======== THE DATA

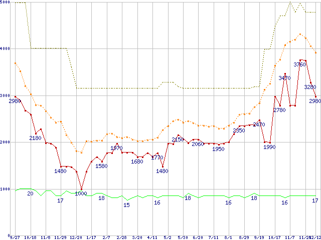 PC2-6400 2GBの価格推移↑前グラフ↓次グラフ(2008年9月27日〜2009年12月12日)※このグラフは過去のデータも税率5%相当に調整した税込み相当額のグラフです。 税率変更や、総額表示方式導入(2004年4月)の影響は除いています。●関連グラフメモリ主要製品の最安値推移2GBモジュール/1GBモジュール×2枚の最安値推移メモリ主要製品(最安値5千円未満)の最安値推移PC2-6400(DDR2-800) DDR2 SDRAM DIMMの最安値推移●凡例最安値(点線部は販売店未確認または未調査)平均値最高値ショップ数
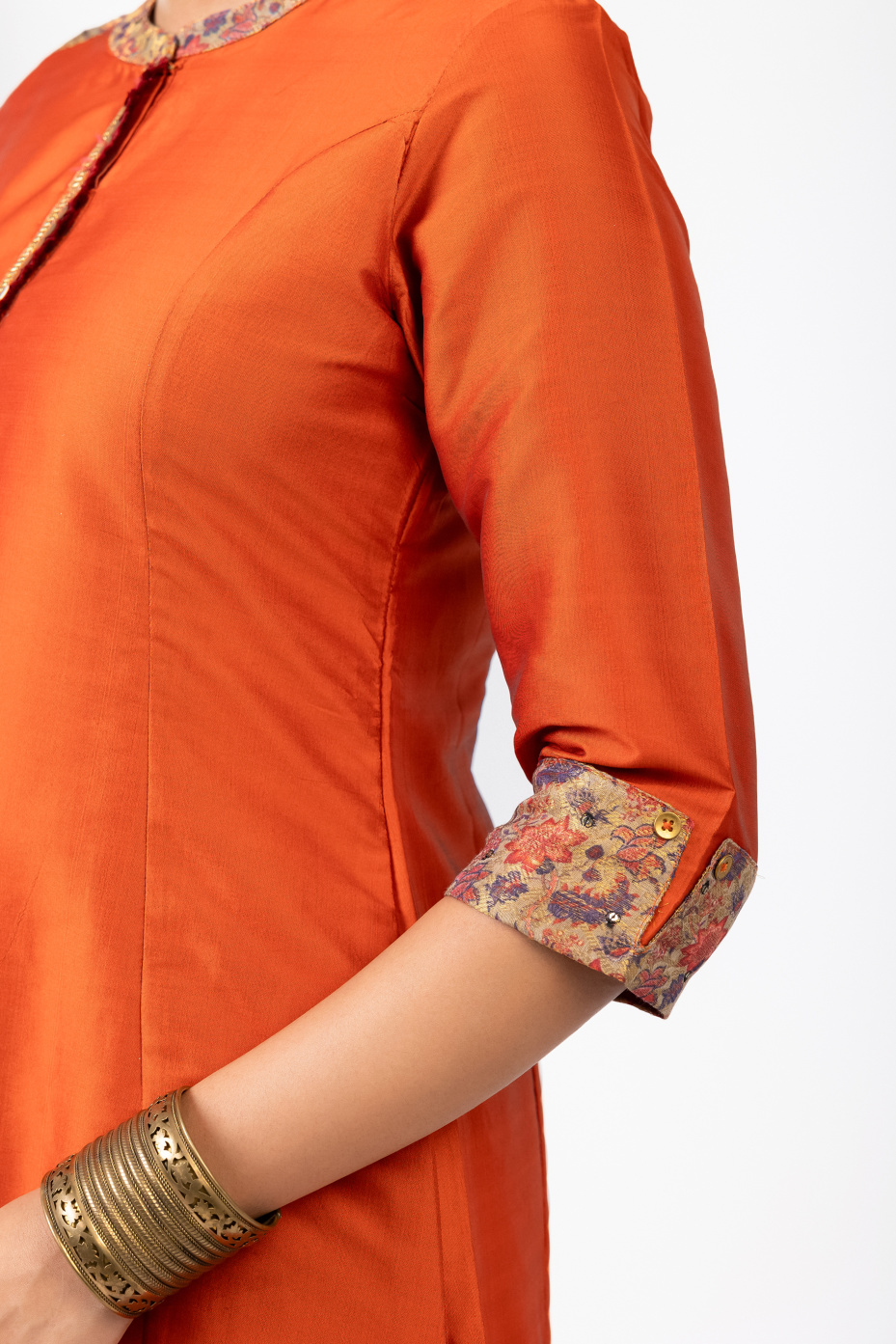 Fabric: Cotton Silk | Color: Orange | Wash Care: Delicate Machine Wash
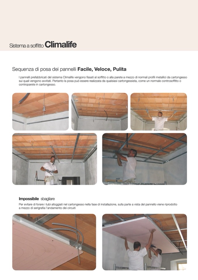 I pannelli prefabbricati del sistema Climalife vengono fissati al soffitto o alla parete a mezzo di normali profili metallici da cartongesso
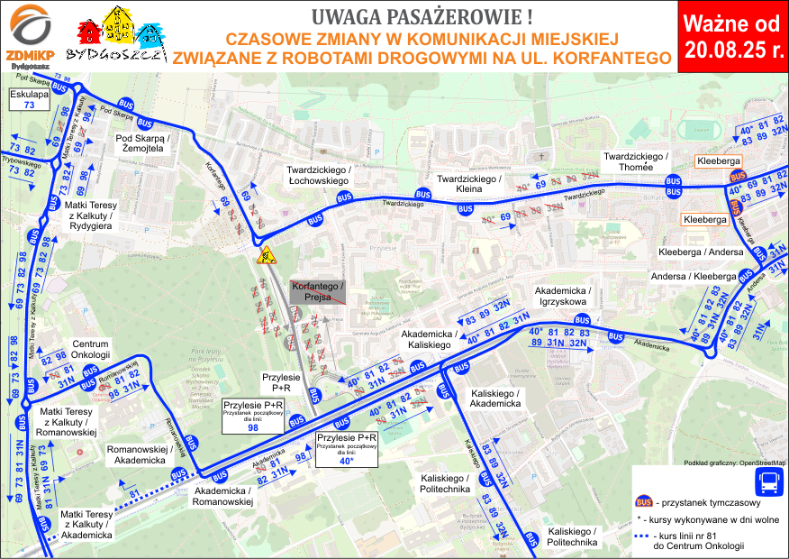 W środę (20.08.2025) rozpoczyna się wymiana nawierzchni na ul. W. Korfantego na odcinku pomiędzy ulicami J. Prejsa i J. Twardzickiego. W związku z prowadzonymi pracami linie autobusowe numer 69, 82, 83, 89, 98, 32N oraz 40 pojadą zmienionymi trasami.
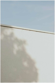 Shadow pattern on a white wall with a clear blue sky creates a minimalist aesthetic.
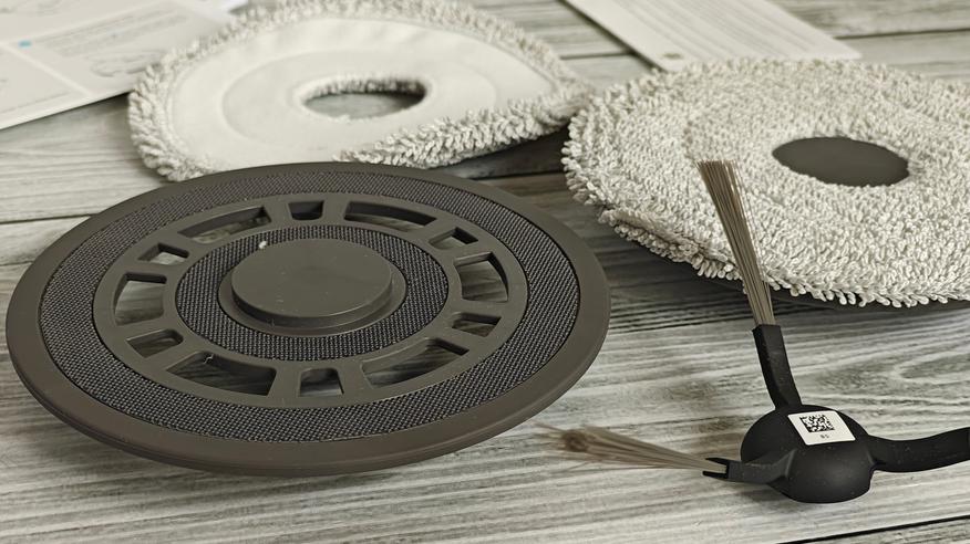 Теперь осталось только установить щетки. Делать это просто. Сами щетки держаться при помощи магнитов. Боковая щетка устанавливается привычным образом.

================

Nothing is needed beyond an exact transcription of the lines from the one containing "I pannelli prefabbricati" to the end of the entries above, with the pictures omitted.

 I pannelli prefabbricati del sistema Climalife vengono fissati al soffitto o alla parete a mezzo di normali profili metallici da cartongesso
 W środę (20.08.2025) rozpoczyna się wymiana nawierzchni na ul. W. Korfantego na odcinku pomiędzy ulicami J. Prejsa i J. Twardzickiego. W związku z prowadzonymi pracami linie autobusowe numer 69, 82, 83, 89, 98, 32N oraz 40 pojadą zmienionymi trasami.
 Shadow pattern on a white wall with a clear blue sky creates a minimalist aesthetic.
 Теперь осталось только установить щетки. Делать это просто. Сами щетки держаться при помощи магнитов. Боковая щетка устанавливается привычным образом.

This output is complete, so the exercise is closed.